Cambrian: Opinion

I love to read to kids, I do; if you do, you sure can, too!

The columnist reads to Cambria Grammar School students.
The columnist reads to Cambria Grammar School students.

I was excited to know that the Cambria Bead Company was going to stay open after Bodhi Hodges took it over. An avid crafter, I love having the creative source less than a mile from my house! I also appreciated Bodhi’s friendship and knowledge.

Fast-forward a few years, and while she still owns the bead store, she has added another job to her list of endeavors besides small-business owner (and mom to her grown son, Logan): Grammar School librarian. A kind, well-educated, soft-spoken woman with a perpetual pixie smile, what a great fit! She figured out a way to balance both jobs.
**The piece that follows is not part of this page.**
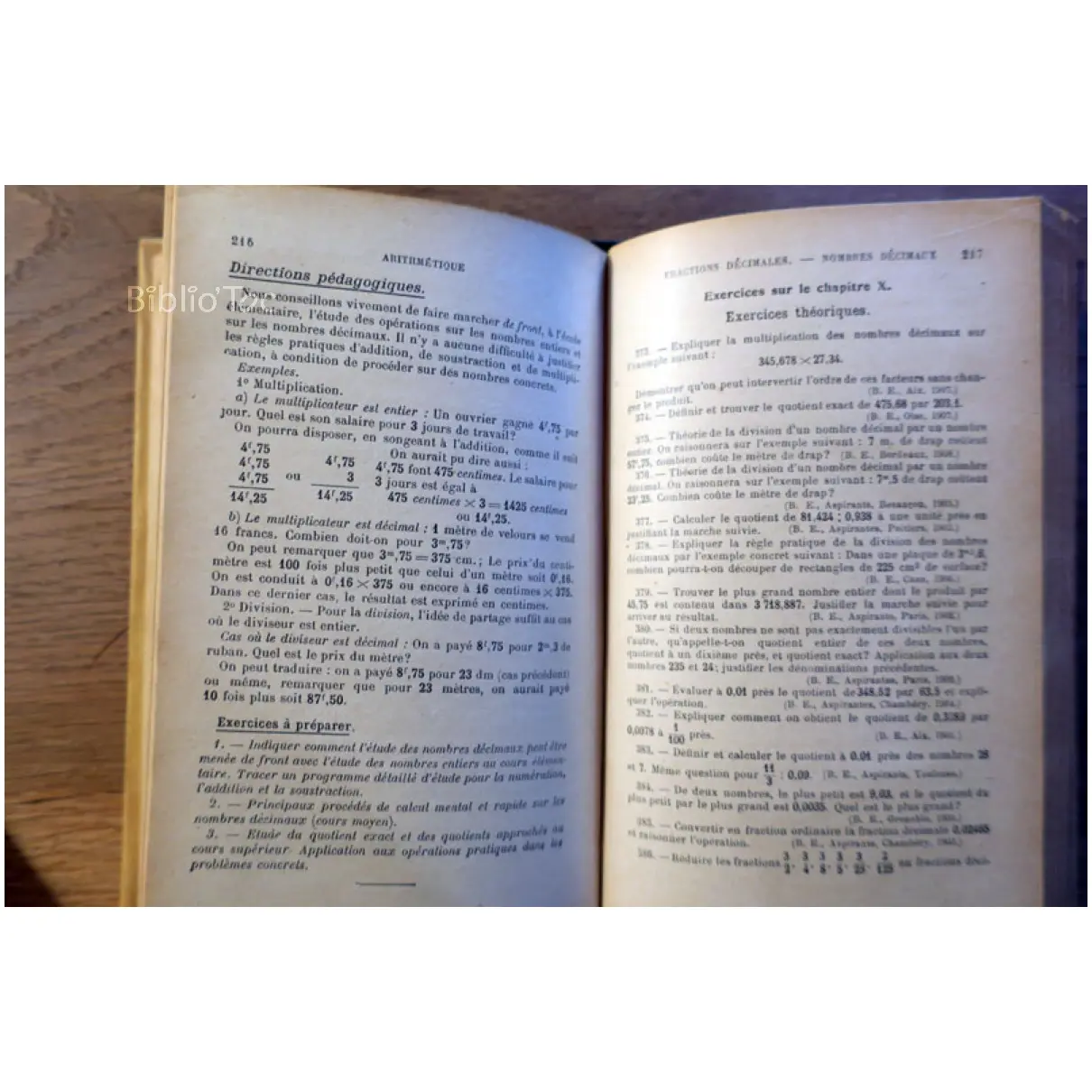 Arithmétique à l’usage des écoles normales primaires et des candidats au Brevet Supérieur – Détails: Couverture frottée Dos abîmé Bon état intérieur malgré quelques taches jaunes Auteur(s): Maurice Royer Arithmétique

One day Bodhi asked if I’d ever be interested in reading to the kids at the school. Reluctant performer that I am, I jumped at the chance to hang out with little people and share books! The call came this past week, a week honoring great children’s author Dr. Suess, and I could address Ms. Younger’s second-grade class.

I was actually nervous as I pulled up to the school in my yellow-and-purple-striped socks and pants (and whatever else outrageous on I could find). Being a staunch environmentalist, I naturally chose to read, “The Lorax,” Theodor Geisel’s reprimand of what big money was starting to do to the physical world around us and to encourage people to not let it happen.

“Unless someone like you cares a whole awful lot, nothing is going to get better. It’s not” warned the characters.

It was delightful. Kids don’t judge you when you stumble over words or even miss a page. They just hummed along when I asked them to, answered questions politely, and Bodhi was helpful and encouraging and dear as ever. She gets to have this interaction every day! She said others are welcome to join in the fun, just by contacting her through the Grammar School. I asked her what else she needed along with a few other questions. For starters, she described how perfect it was that the library was in the center of the campus, the heart of the school, as it were.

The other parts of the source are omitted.